Friday, September 20, 2019

Employers Beware: New York Has Passed Some Sweeping Changes to its Discrimination and Harassment Laws

On August 12, 2019, Governor Cuomo signed into law a bill that makes changes to New York's discrimination and harassment laws. These changes follow his signing of two other bills on July 10, 2019 that concern equal pay and salary history.  The changes go into effect beginning October 2019 and at various points over the next year.

Summed up, and in general terms, here are some of the changes:

Pay Equity: Equal wages must be provided for employees performing the same or "substantially similar" work under "similar working conditions."

Salary History: Employers are prohibited from soliciting information from an applicant or an employee regarding wage or salary history.

Burden of Proof for Harassment Claims: Employees no longer need to establish that harassing conduct was "severe or pervasive" to prove that harassment has occurred in the workplace; rather, they can now establish a lesser standard by showing that they were merely subjected to "inferior terms, conditions, or privileges of employment." This change is applicable to all claims of harassment - not just sexual harassment.  

Interestingly, and little discussed so far, is a change in the way discrimination is viewed.  Whether or not discrimination has occurred will be viewed through the eyes of the "reasonable victim" of discrimination as opposed to the "reasonable person," which is the current legal standard.  This means that if the victim of alleged discrimination feels that he or she has been discriminated against, this is sufficient, regardless of whether, objectively, a reasonable person may not see the conduct as discriminatory. 

Faragher-Ellerth Defense: Under existing law, once an employee establishes his or her initial burden of showing that he or she was harassed in the workplace, the employer often had a defense, known as the Faragher-Ellerth defense, if the employee did not complain about the harassment to the employer.
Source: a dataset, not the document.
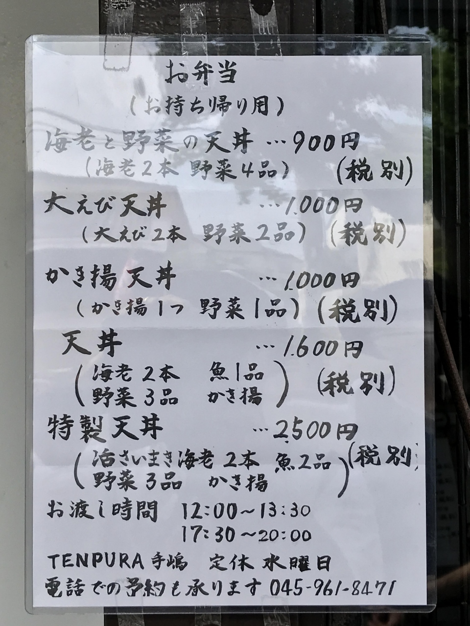 プライベートで上司と遇ったこともあるお気に入りの天麩羅店も、いよいよテイクアウトを始めたと聞き、予約。昼の開店時にはなかなかつながらず、ようやく昼の閉店間際に電話がつながりました。

However, under the new framework, the fact that an employee did not complain is no longer a defense for an employer.

Non-Employees in the Workplace: Similar to last year's change that protected non-employees in the workplace from sexual harassment, non-employees in the workplace are now protected from all forms of unlawful discrimination.

Non-Disclosure Agreements: Until now, it was not uncommon for employers to require their employees to resolve all workplace disputes in confidential binding arbitration, not court. It was also common for workplace discrimination and harassment claims to settle, and in a settlement agreement a provision was included prohibiting employees from disclosing the facts regarding the settlement. Now, similar to last year's change regarding the settlement of sexual harassment complaints and the limitation on the use of mandatory arbitration agreements, NDAs are prohibited for all forms of unlawful discrimination and harassment unless confidentiality is the employee's preference.

Damages and Attorneys' Fees: Punitive damages are now available in cases of unlawful employment discrimination, and attorneys' fees can be awarded to a prevailing employee. While the provision of attorneys' fees now aligns New York state law with federal law, the provision for uncapped punitive damages now provides for greater remedies than presently permitted under federal law.


The Bottom Line: The new laws are a continuation of certain changes to laws that took effect last year. Together these changes have resulted in a significant alteration of discrimination and harassment law in New York State.  The changes will arguably make it easier for employees to plead and prove sexual harassment and other harassment claims, and will also incentivize employees with the potential for increased damage awards. You can also expect that the revised legal standards, coupled with the expansion of actionable harassment claims beyond just sexual harassment, will result in an increase in litigation.

Moreover, previously, state law was interpreted consistently with federal law. However, that will likely no longer be the case. In those cases in which an employee brings claims under federal, state and city law, a court may now need to apply three different legal standards, which will further complicate the litigation of these types of cases.

Employers should ensure that their harassment and discrimination prevention training complies with the new legal standards, and that their procedures for preventing harassment and discrimination are consistent with current best practices. Employers should also review their form employment, confidentiality, arbitration, separation, settlement and other agreements in light of the new laws concerning arbitration and non-disclosure provisions.